Molecular and Cellular Modeling Group, Heidelberg Institute for Theoretical Studies, Schloss-Wolfsbrunnenweg 35, 69118 Heidelberg, Germany.
Heidelberg Institute for Theoretical Studies, Schloss-Wolfsbrunnenweg 35, 69118 Heidelberg, Germany.
J Chem Phys. 2020 Sep 28;153(12):125102. doi: 10.1063/5.0019088.
The dissociation of ligands from proteins and other biomacromolecules occurs over a wide range of timescales. For most pharmaceutically relevant inhibitors, these timescales are far beyond those that are accessible by conventional molecular dynamics (MD) simulation. Consequently, to explore ligand egress mechanisms and compute dissociation rates, it is necessary to enhance the sampling of ligand unbinding. Random Acceleration MD (RAMD) is a simple method to enhance ligand egress from a macromolecular binding site, which enables the exploration of ligand egress routes without prior knowledge of the reaction coordinates. Furthermore, the τRAMD procedure can be used to compute the relative residence times of ligands. When combined with a machine-learning analysis of protein-ligand interaction fingerprints (IFPs), molecular features that affect ligand unbinding kinetics can be identified. Here, we describe the implementation of RAMD in GROMACS 2020, which provides significantly improved computational performance, with scaling to large molecular systems. For the automated analysis of RAMD results, we developed MD-IFP, a set of tools for the generation of IFPs along unbinding trajectories and for their use in the exploration of ligand dynamics. We demonstrate that the analysis of ligand dissociation trajectories by mapping them onto the IFP space enables the characterization of ligand dissociation routes and metastable states. The combined implementation of RAMD and MD-IFP provides a computationally efficient and freely available workflow that can be applied to hundreds of compounds in a reasonable computational time and will facilitate the use of τRAMD in drug design.

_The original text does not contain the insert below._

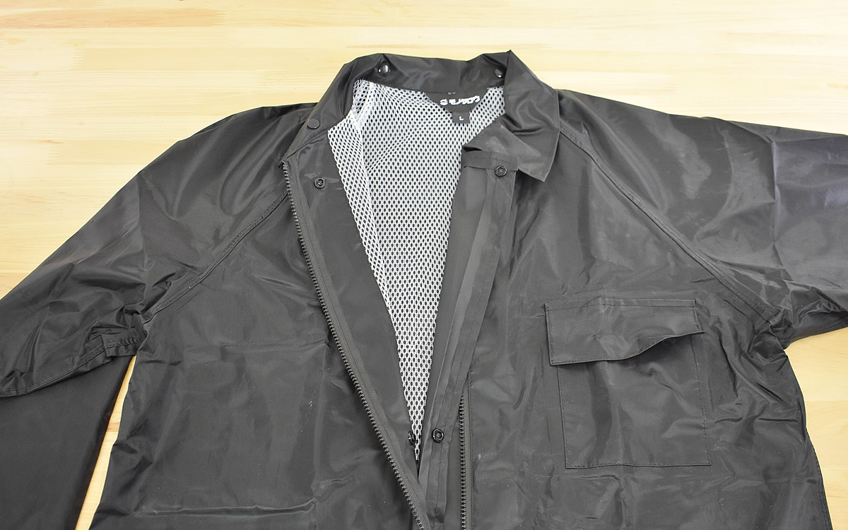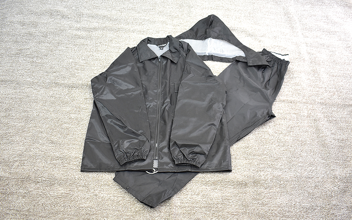 レインスーツ上下の裏側にはメッシュ生地が使われていました。蒸れにくく生地が肌につかないので、レインスーツの弱点である脱ぎにくさを解消。フードはスナップボタンで付いているので、普段は外しておいて必要時だけ付けることもできます。

配体从蛋白质和其他生物大分子上的解离发生在广泛的时间尺度内。对于大多数与药物相关的抑制剂,这些时间尺度远远超出了传统分子动力学(MD)模拟的范围。因此,要探索配体释放机制并计算解离速率,有必要增强配体解吸的采样。随机加速 MD(RAMD)是一种增强配体从大分子结合位点中释放的简单方法,它可以在没有反应坐标先验知识的情况下探索配体释放途径。此外,τRAMD 过程可用于计算配体的相对停留时间。当与对蛋白质-配体相互作用指纹(IFP)的机器学习分析相结合时,可以识别影响配体解吸动力学的分子特征。在这里,我们描述了在 GROMACS 2020 中实现 RAMD 的方法,该方法提供了显著提高的计算性能,并可扩展到大型分子系统。为了对 RAMD 结果进行自动化分析,我们开发了 MD-IFP,这是一组用于在解吸轨迹上生成 IFP 并用于探索配体动力学的工具。我们证明,通过将配体解离轨迹映射到 IFP 空间上,可以对配体解离途径和亚稳态进行特征化。RAMD 和 MD-IFP 的联合实施提供了一种计算效率高且免费的工作流程,可在合理的计算时间内应用于数百种化合物,并将促进 τRAMD 在药物设计中的应用。